Monday, January 31, 2011

WHAT IF?????

Are you someone who has had a tragedy in your life and you can not get past the What ifs?  What if I would have done this, or what if I did not do that?  Last week I had a what if moment.  My niece Lauren got her drivers license in November and she is teaching my daughter to ride horses.  She wanted to take Janel to the stables Thursday and I thought that would be ok so I let her pick up Janel and Jentri from school, bring Jentri home and off they went to the stables.  That evening they where going to sign up for the Skiatook Round Up Club so Lauren asked if she could just take Janel there and I said no, bring her home.  Lauren drops Janel off and asks again if Janel can go. I almost said yes.  That little voice told me, not tonight, she had homework to do and it was already 7:00.  So, I said no.  30 minutes later, I get a phone call.  Lauren has been in a bad accident right down the road from us.  Wrecked her truck over a 20 foot bridge and landed upside down.  Oh my goodness, is she ok, what happened?  Surprisingly, Lauren was able to get out of the truck and climb up the embankement and her mother drove her to the ER.  Lauren had not one single broken bone and barely a scratch. (She was sore for a couple days)  But as soon as I was told about teh accident I kept thinking how janel was supposed to be in that vehicle with her.  It made me cry to think about that.  If she was there, we would most likely not have Janel here today.  Jason even got emotional over this.  I mean, that What If scenario would not leave my mind.  It had me pretty upset and thinking how could I ever not have my Janel?  Thank God for good friends that came and sat with me as everyone was at the hospital and for God.  I said a prayer for him to give me peace and I thanked him for the voice that I listened to.  We should all be concious of that little voice.  It has kept me out of trouble many a time.  And it is amazing how many times I do what I feel it is telling me and it ends up being the perfect thing to do. 
My other What If was in hgih school.  I was a senior in high school and I had my friends child with me in the back seat.  It was midnight and we where dricing home from looking at Christmas lights.  it was very late.  I was sleepy so I kept turning up the radio and slapping my face.  I ended up falling asleep at the wheel and when I woke up I was on the opposite side of traffic.  Thank God no one was coming the other way.  What id they where?  I stommped on the brakes and ended up doing a doughnut and in a ditch.  A friend lived close by and heard the screeching and ran down to see what was going on.  He ended up driving me home and on the way 3 deer ran in the road.  He had to put on the brakes and we ened up feet form a bridge. I was very scared and did not want to get back in the car.  I did end up making it home that night, but I always think about that night and how I obviously had Angels watching over me. 
Now these two things may not seem like huge What ifs to you.  I know people have lost loved ones, had houses burn down, and other things I can not imagine.  But, they are things that we can make it thru.  We can overcome.  What good does it do for us to live in the What If?  God can help us overcome.  When I think of that I have two versus that come to mind.  I am sure there are better ones, but this is what came to my mind. 
Matthew 18:18-19"I tell you the truth, whatever you bind on earth will be bound in heaven, and whatever you loose on earth will be loosed in heaven. "Again, I tell you that if two of you on earth agree about anything you ask for, it will be done for you by my Father in heaven.

Matthew 21:21
Jesus replied, "I tell you the truth, if you have faith and do not doubt, not only can you do what was done to the fig tree, but also you can say to this mountain, `Go, throw yourself into the sea,' and it will be done.

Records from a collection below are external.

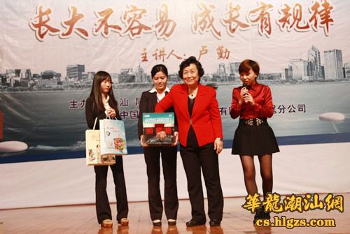 4月21日下午,由市教育局与汕尾移动公司共同举办的2012年第一期全球通VIP“名家讲堂”在市科技文化中心开讲,讲坛邀请到了我国著名的亲子教育专家卢勤老师为汕尾市近千名观众带来一场精彩的《长大不容易,成长有规律》讲座。
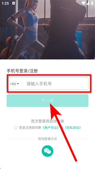 3、在手机号登录注册页面,输入手机号,点击下一步,获取验证码。
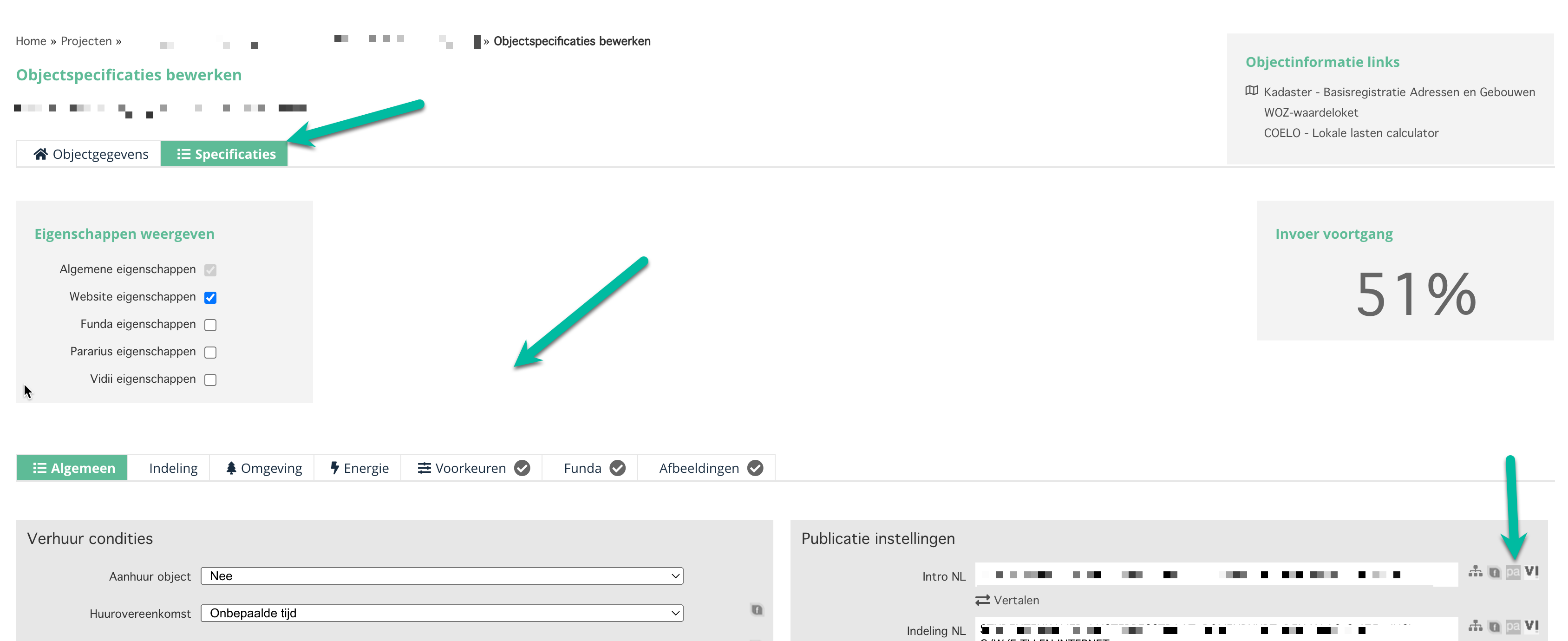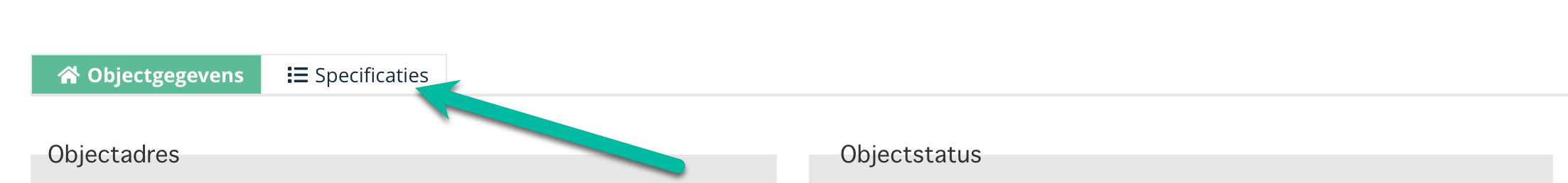 Ga naar het betreffende object en klik op bewerken objectgegevens (via het potloodje). Klik vervolgens op de objectpagina op het tabblad specificaties:
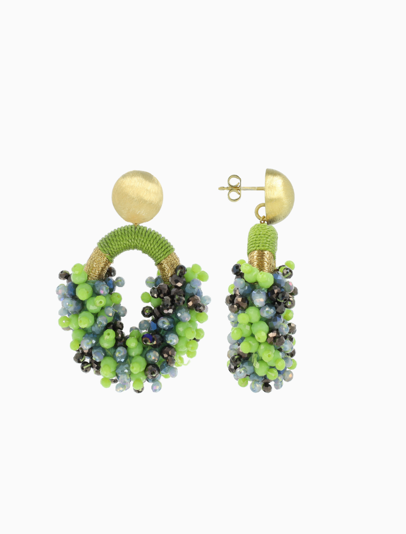 Met hun combinatie van prachtige glassberry kralen in een mix van levendige tinten en subtiele gouden accenten, voegen deze oorbellen een vleugje luxe toe aan elke outfit. De ovaalvormige stijl en dubbele stenen geven een unieke en trendy touch, waardoor je opvalt met je elegante keuzes.

I am so thankful I still have my Lauren and Janel with me today.  But I also know, if anything happens to me or them, they have a seat waiting for them in heaven.

Thursday, January 27, 2011

Our adoption story

Let me start of by saying, I am a Christian.  So just about every post I write will have Christ throughout it because he is a big part of my life and he is the reason I have JOY, pure JOY, not that crap others call happiness.  (Yes, there is a difference.  Happiness is something you experience from getting or doing something, Joy is just a part of who you are becasue of Christ.)  OK, now on to my story....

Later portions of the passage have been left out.